Orbital hypotelorism is characterized by reduced interorbital distances, it is often associated with syndromic anomalies [17]. Trigonocephaly is one of the most frequent craniofacial malformations leading to hypotelorism [10]. It results from the premature closure of the metopic suture causing the inability of the frontal bones to grow laterally, and subsequent reduced interorbital distance [12]. Hypotelorism is also described in more than 60 different associated conditions, such as holoprosencephaly, trisomy 13, Coffin-Siris syndrome, Meckel-Gruber syndrome, or Williams syndrome [2, 13, 16, 19].

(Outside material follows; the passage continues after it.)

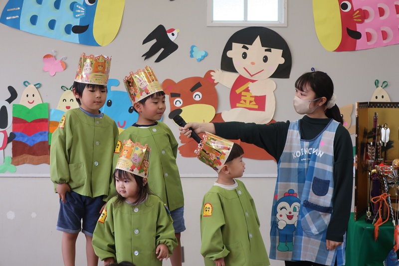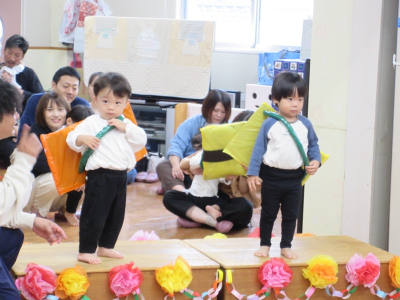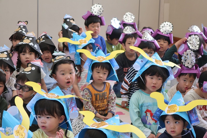 今日は、5月生まれのお友だちのお誕生日会と子どもの日の行事がありました! それぞれのクラスで製作したかっこいい兜をかぶって集合~!! 個性あふれるかわいいカッコイイ兜たちが集まりました(*^^*) こどもの日に向けてこいのぼりも製作したので、誕生日会の前にクラスごとに兜とこいのぼりの紹介をしてもらいました!! ぱんだ組、りす組は先生に説明してもらい、らいおん組、きりん組、ぞう組は前に出て子どもたちにどんな製作をしたのか発表してもらいました(*^^*) 緊張しながらも一生懸命に説明してくれましたよ! 絵の具を使ったり、クレヨンを使ったり、ハサミで切ってみたり、、 色々な製作方法を使ってかわいい兜やこいのぼりが完成したんだね! 今回の5月生まれのお友だちは6人! キラキラの冠をかぶって・・ 名前や何歳になったか、好きな食べ物や大きくなったらなりたいものを聞きました(*^^*) みんなで誕生日の歌を歌ってお祝いしたり、大きな声で『こいのぼり』『おつかいありさん』を歌ったりして、楽しみました♪ 先生からの出し物はパネルシアター二つとみんなで楽しめる体操!! 『こいのぼりのおさんぽ』と『お誕生日会にきたのはだあれ?』というパネルシアターで、みんな夢中になって見入っていましたよ!(*´▽`*) 最後に『じゃんぐるぐるぐる』という体操でジャングルの中のいろいろな出来事をくぐり抜けて、、 5月のお誕生日会はおしまいです(*^^*) 5月生まれのお友だち!お誕生日おめでとう♪ |

Orbital hypertelorism, firstly described by Greig in 1924, corresponds to the true lateralization of the entire orbital complex, characterized by excessive interorbital inner and lateral orbital distances [11]. Hypertelorism is observed in various congenital and tumoral craniofacial diseases, such as craniofrontonasal dysplasia, median and paramedian craniofacial clefts, syndromic craniosynostosis, frontonasoethmoidal tumors, or encephaloceles [26, 28].
A good knowledge of physiological orbital growth is essential to better assess normal and abnormal orbital development and will help clinicians and craniofacial surgeons to guide clinical evaluation and surgical planning in children with craniofacial abnormalities affecting the orbits. In fact, surgical correction of craniofacial anomalies interfere with orbital growth, and age at surgery for the correction of hypertelorism is controversial [21, 22]. Applying an overcorrection of the interorbital distance based on normal values according to the age at surgery, may prevent the risk of relapse particularly in case of early surgical correction [22].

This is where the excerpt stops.